As Lois pulled into a parking spot by the Talon, effectively bringing their night out in Metropolis to an end, Clark felt his heart sink. When would be the next time he’d feel so content, he wondered? Lois and Chloe began to exit the car, but Clark sat stock still. Where had that traitorous thought come from? It would be the next time he saw Lana, of course. He quickly pushed the door open before the girls noticed anything amiss, and he hugged them goodnight, promising to be in touch with them soon. Jogging in the direction of the farmhouse amidst belated shouts of “Goodbye, Clark!” and “Later, Smallville,” he went only as far as he needed to escape the notice of prying eyes, and he ran the rest of the way home in a burst of superspeed, anxious to see Lana’s face and lay this sudden turmoil to rest.
He crossed the threshold of the darkened house quietly and immediately tripped over a large object that certainly hadn’t been there when he left. Upon closer inspection, Clark saw it was an opened package, postmarked from Paris. The way the stylish dresses inside were wrinkled and clearly rummaged through, he was chagrined to realize that Lana’s heightened sense of fashion was evidently not the purpose of this purchase. Clark had begged her to leave her connection with Countess Marguerite Isobel Theroux be – her interest with whom Clark firmly believed had been her first step toward a taste for darkness that had led straight toward a disastrous relationship with Lex Luthor. Obviously, she had disregarded his concerns and fears, to pursue… what? A demonic relationship with a witch long dead? What really galled him was the argument that still stung him, in which she had compared this thirst for forbidden knowledge to his training to save the world.

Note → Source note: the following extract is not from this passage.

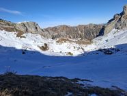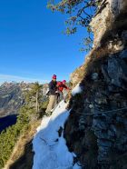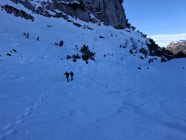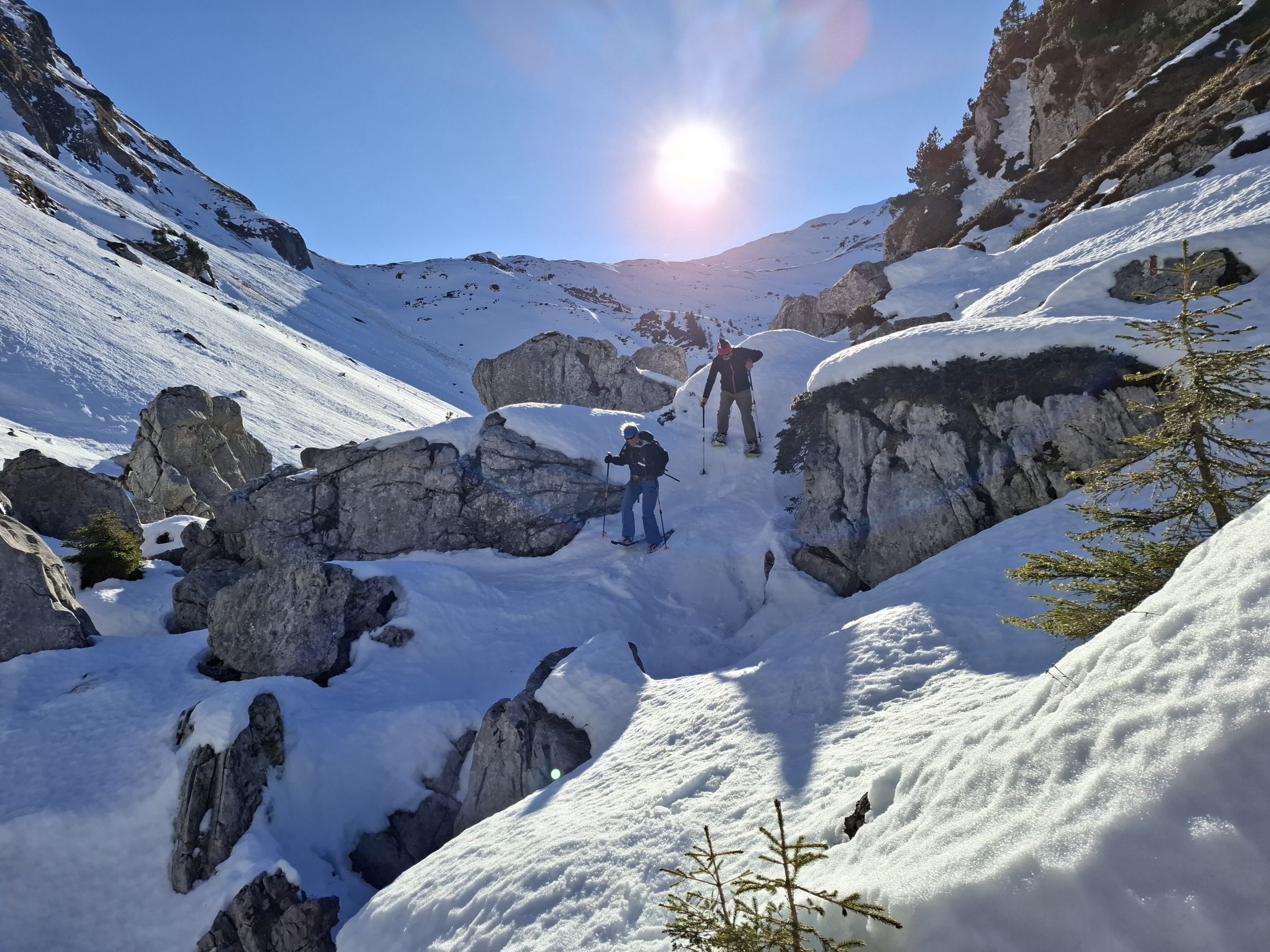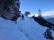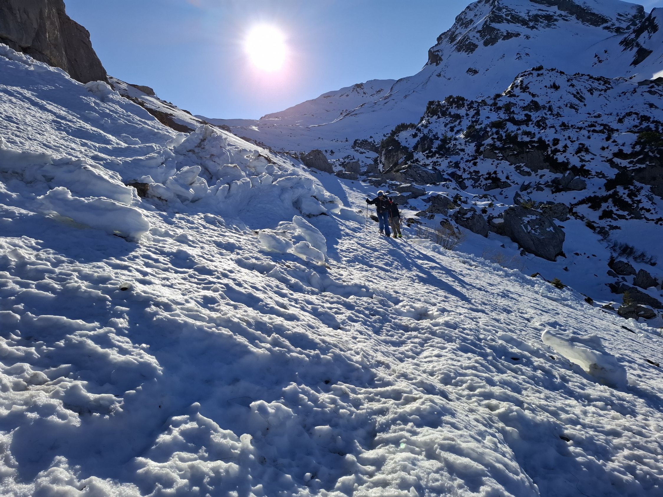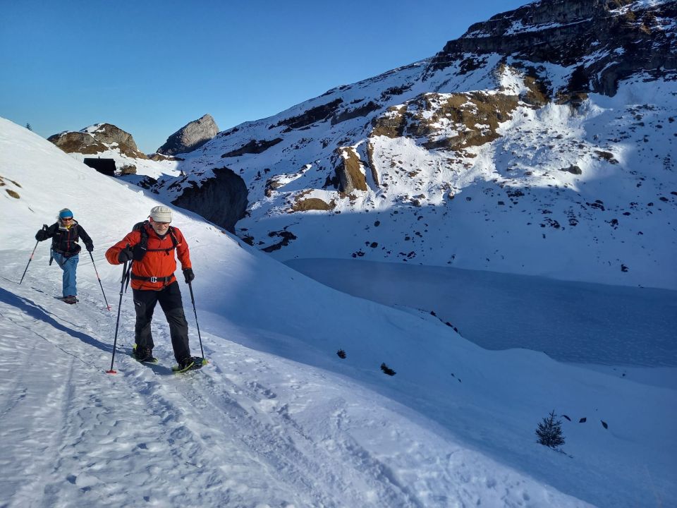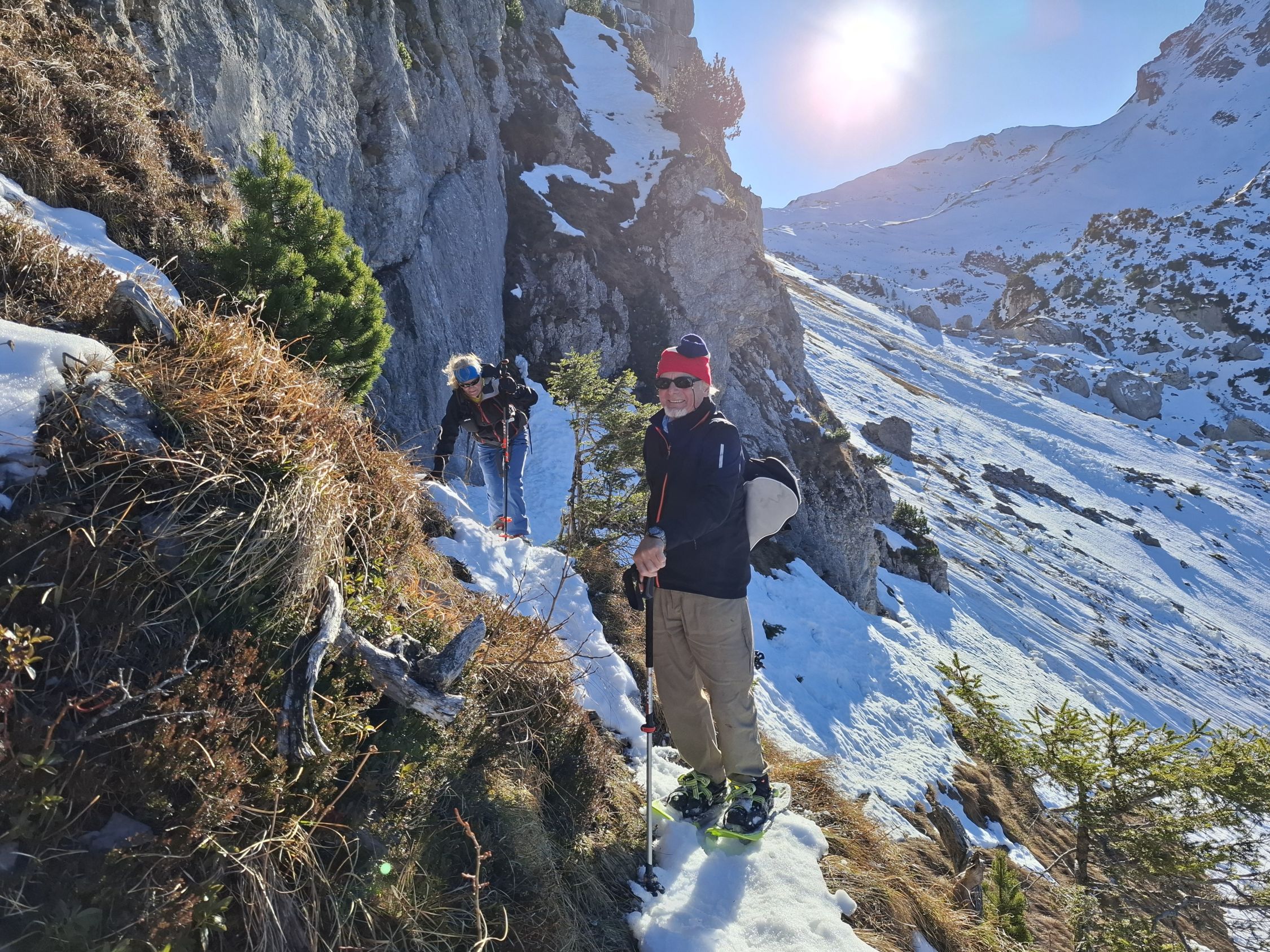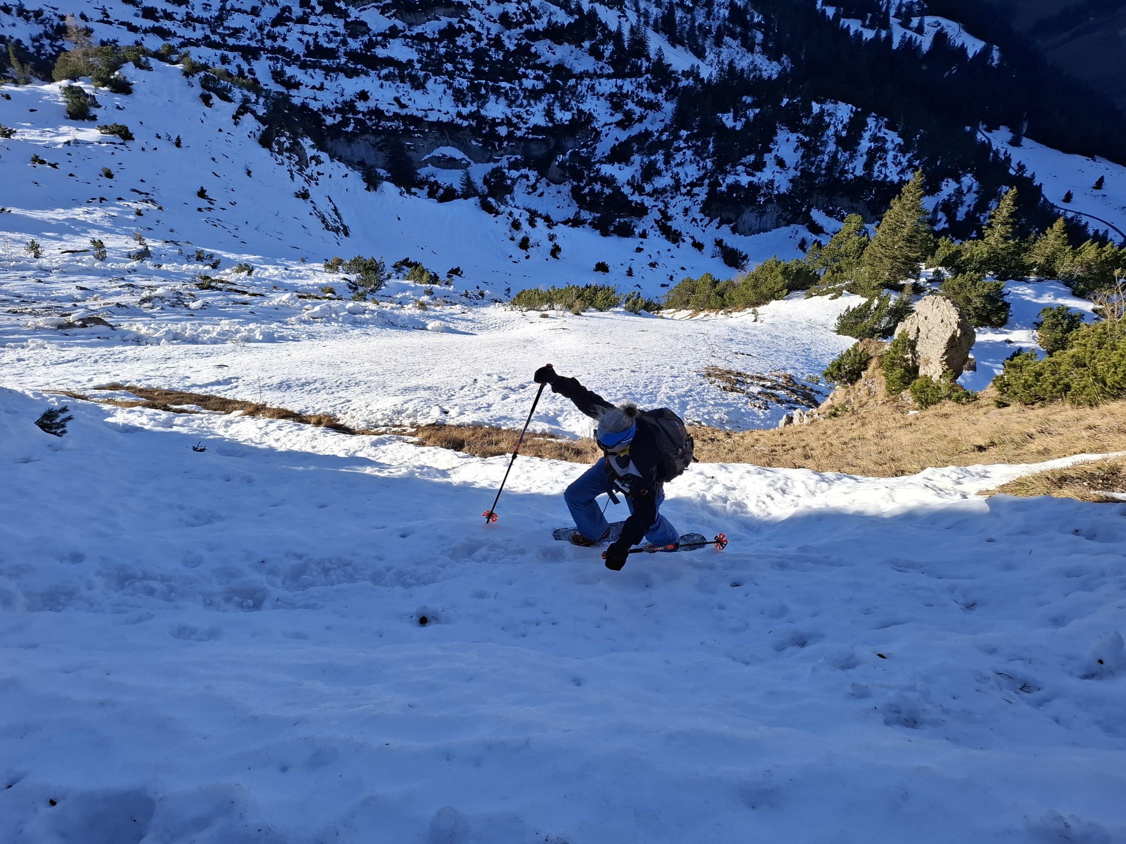 Abstieg: nicht tragender Deckel mit teilweise glasharter Schicht. Nach der Alp Rotenbalm, ab P 1764 hatten wir uns für den höher gelegen, nicht markierten, Weg entschieden und das war keine so gute Idee. Ohne Steigeisen und Pickel war der Weg ziemlich schwierig. Das Gelände ist sehr steil und diverse Lawinenabgänge machten die Flanke hart und eisig. Vorsichtiges Gehen war unumgänglich, ein Ausrutschen wäre fatal gewesen.

This sudden confirmation of Lana’s decidedly human weaknesses made Clark feel like his whole world was collapsing around him. Hardly able to breathe, he ran up the stairs toward his room, where he knew Lana would be slumbering, unaware that her boyfriend’s whole life had just been forever altered in a million tiny ways, and in one fundamentally big one. He stared at her sleeping form, leaning for support against the doorway of the bedroom in which he had spent his entire childhood and adolescence thinking of her.
She didn’t look different, but she was, as if a bright spotlight had thrown her very soul into sharp relief against the illusion he had created at the age of five.

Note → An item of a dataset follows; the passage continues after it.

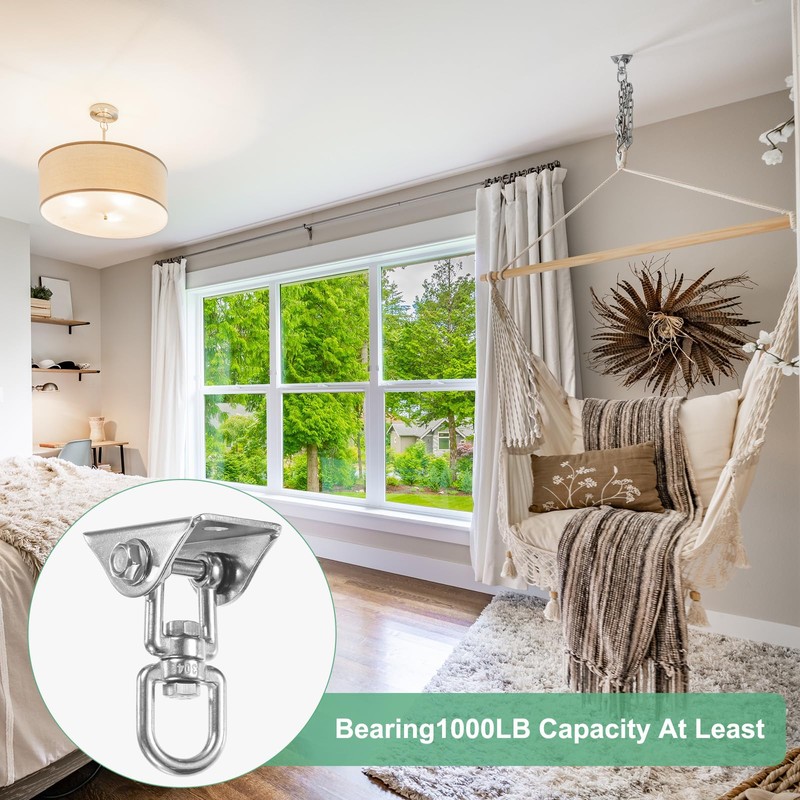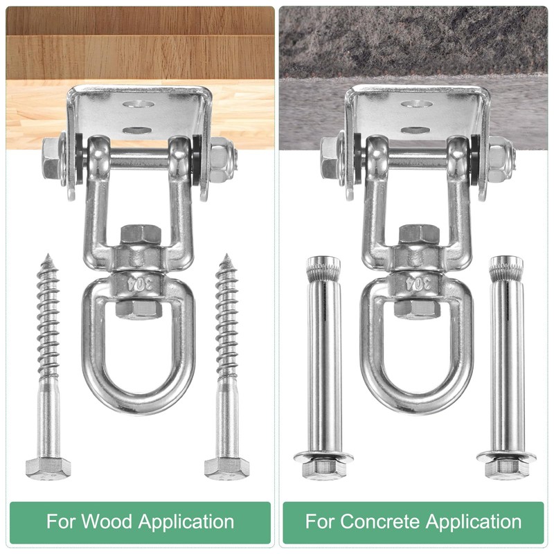 M METERXITY 360° Swivel Swing Hangers, 1200 LB Capacity Stainless Steel Hammock Hanging Kit Swing Hook for Ceiling/Chair/Yoga/Punching Bag/Gym/Playground, Ceiling Mount Swing Bracket [Silver]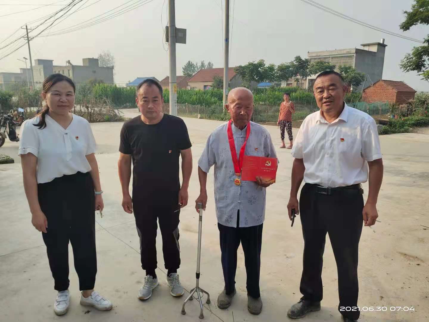 三桥村党支部副书记贺振海、党建负责人张金会、党员赵静于2021年6月29日为三桥村蒋庄老党员马秀文上门颁发”50党龄纪念章“。

He could see now what had kept them apart wasn’t any external force he had blamed for the past fifteen years: her kryptonite necklace (in fact, all various forms of kryptonite which had caused so much trouble), the many boyfriends that had flocked to her over the years, crystals, his reluctance to tell her his secrets, meteor infected people, reincarnations, friends, distance, even Lex Luthor. It was their deep-seated incompatibility. She wasn’t as strong or as good as he thought she was. And amazingly, it did change the way he felt about her.
Maybe Clark was destined to be alone, and the bracelet which Kyla’s grandfather had given him meant for his soul mate was doomed to gather dust in his “Fortress of Solitude”- he couldn’t know that for sure. But with a sigh of final relief and contentment, he at last knew that Lana would certainly never wear it.